While credit cards will be counted as cash sales “in that kind of environment, it’s unlikely that there are a lot of credit card sales as a Lewis customer is less likely to own a credit card”, Gilmour says.
According to clothing retailer Edcon, which owns Edgars and Jet, credit sales in the year to May slowed, although total sales rose 8,9%. Sales, it says, were dampened by rising interest rates, escalating food and fuel prices and implementation of the National Credit Act.
The group, which has more than 4-million active credit card accounts, says credit sales accounted for 53% of total retail sales during the year, down from 60% in the previous financial year.
Walker says the shift to cash was caused by more people defaulting on in-store credit and fewer people opening credit accounts. The number of account customers who can spend on credit is shrinking, causing the ratio to shift to cash.
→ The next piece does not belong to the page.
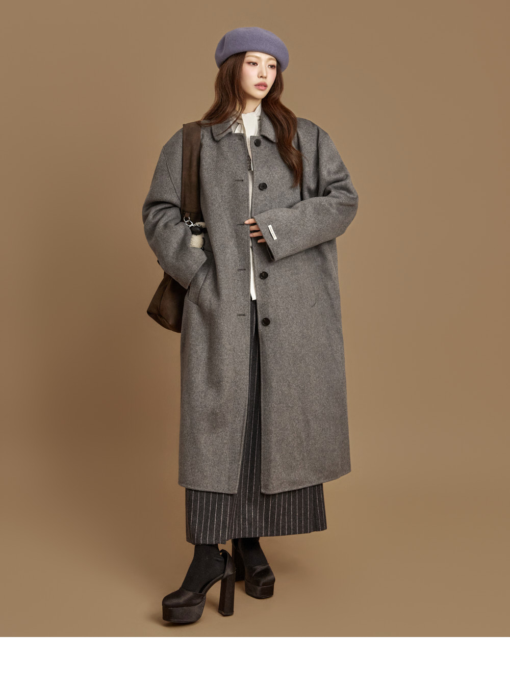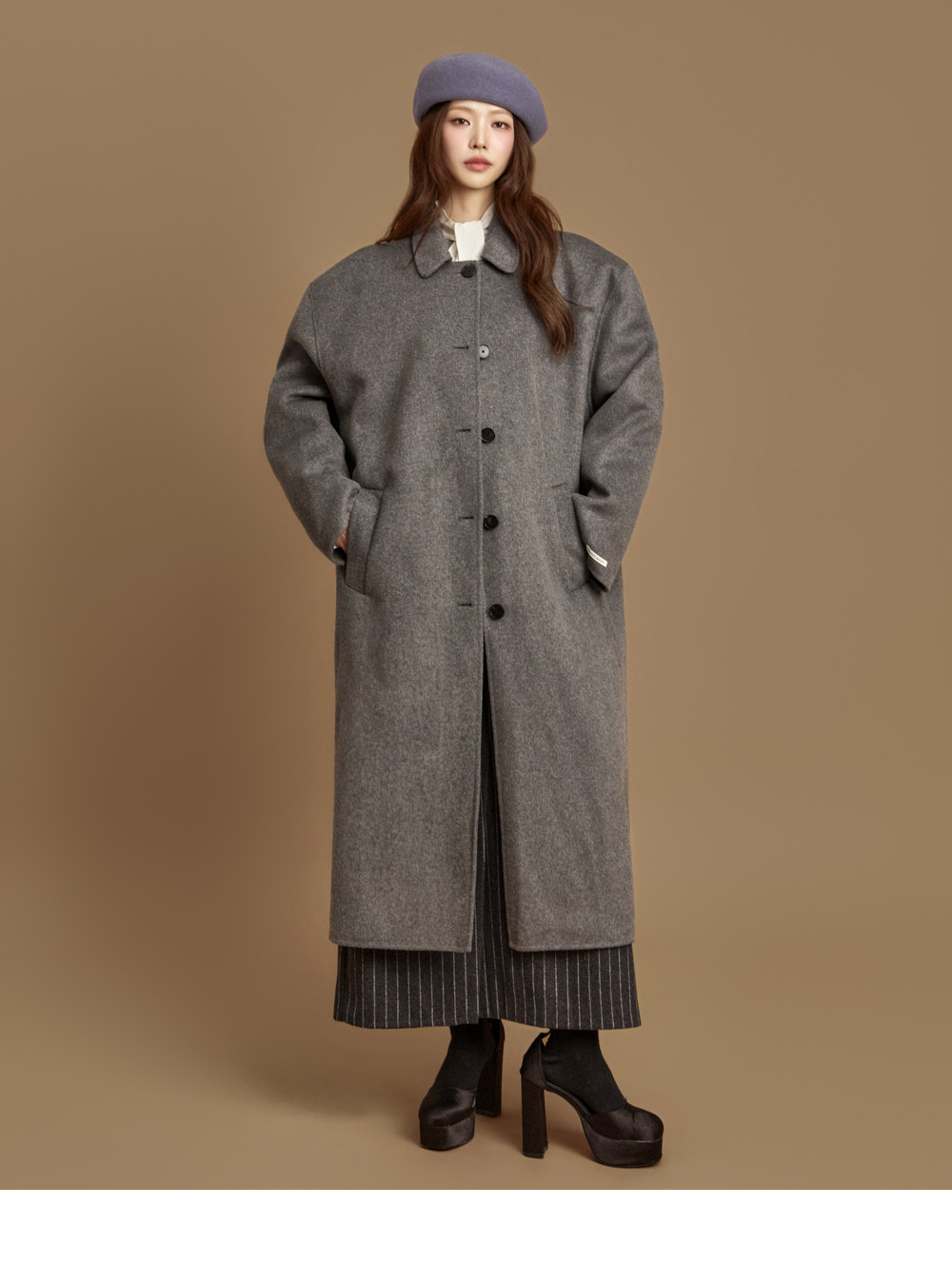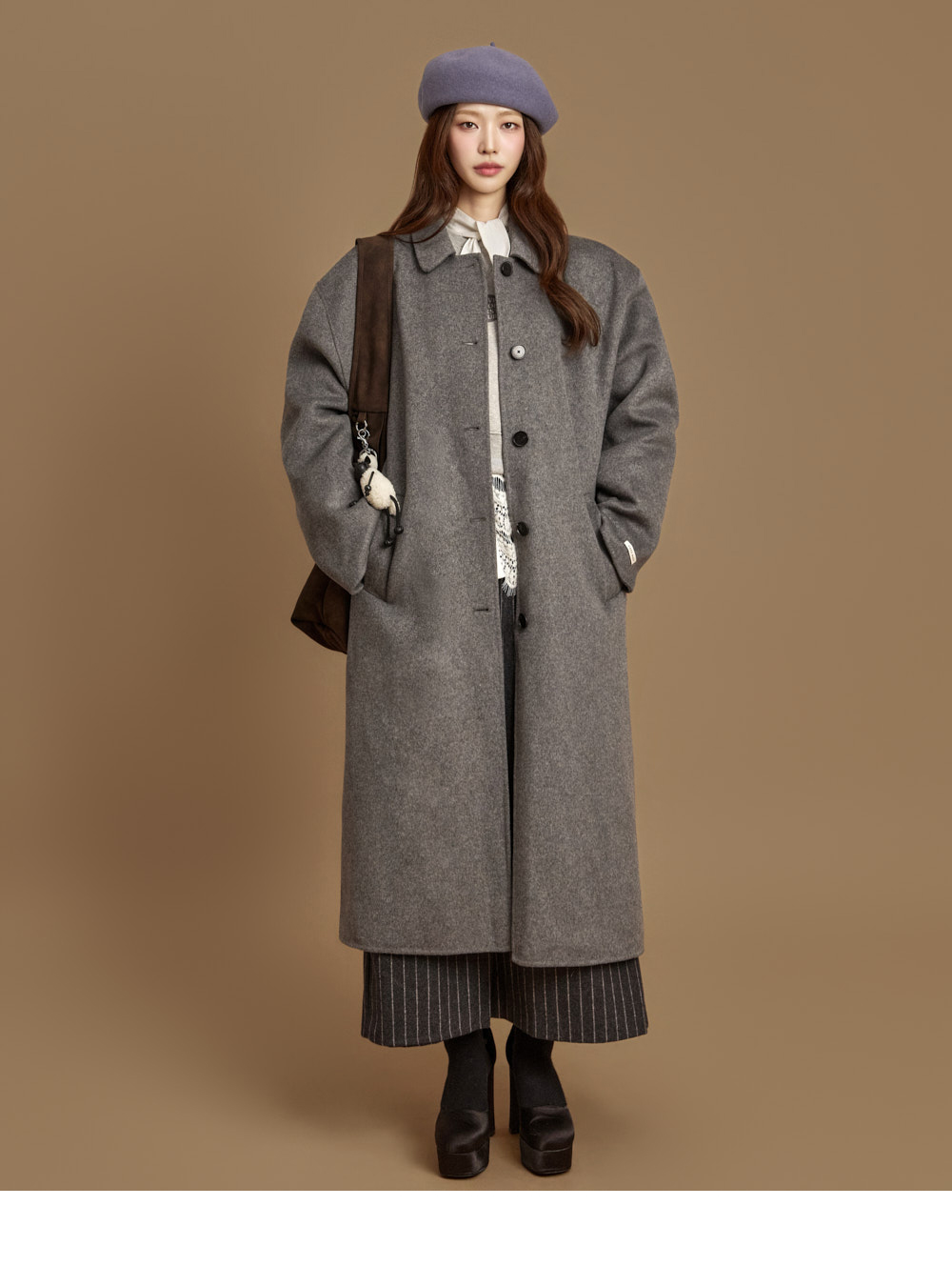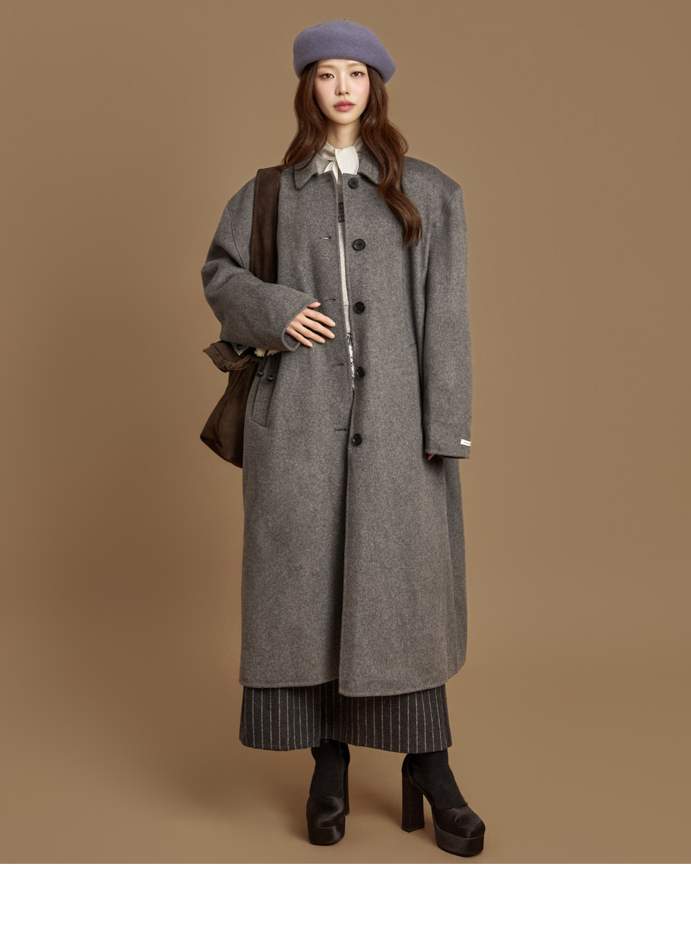 现代感长款手工大衣。

He expects about 12% of SA's total credit population to come under pressure and default on loans. It would take these people three to four years to unwind debt if their pay rises faster than food and petrol costs.
There would be fewer creditworthy customers in the system as a result of the National Credit Act's stringent criteria, which would mean less credit sales, and more cash sales, for the next few years.
Fashion retailer Foschini says it adopted a “conservative approach” to opening accounts before the full implementation of the act. The group says it “opened far fewer new accounts than other credit providers in the country”. This slowed retail turnover, but CEO Doug Murray says this was the right decision as the group’s debtors’ book was healthy in the year to March.
Gilmour says a shift to cash sales shows “the brakes are really coming on”. Consumers are paying off credit, and have learned discipline as a result of the law, which some view as having come too late to protect a burgeoning middle market.
Gilmour says new consumers, who would not previously have had access to ready credit, could have been caught in a reckless spending trap before the act’s introduction.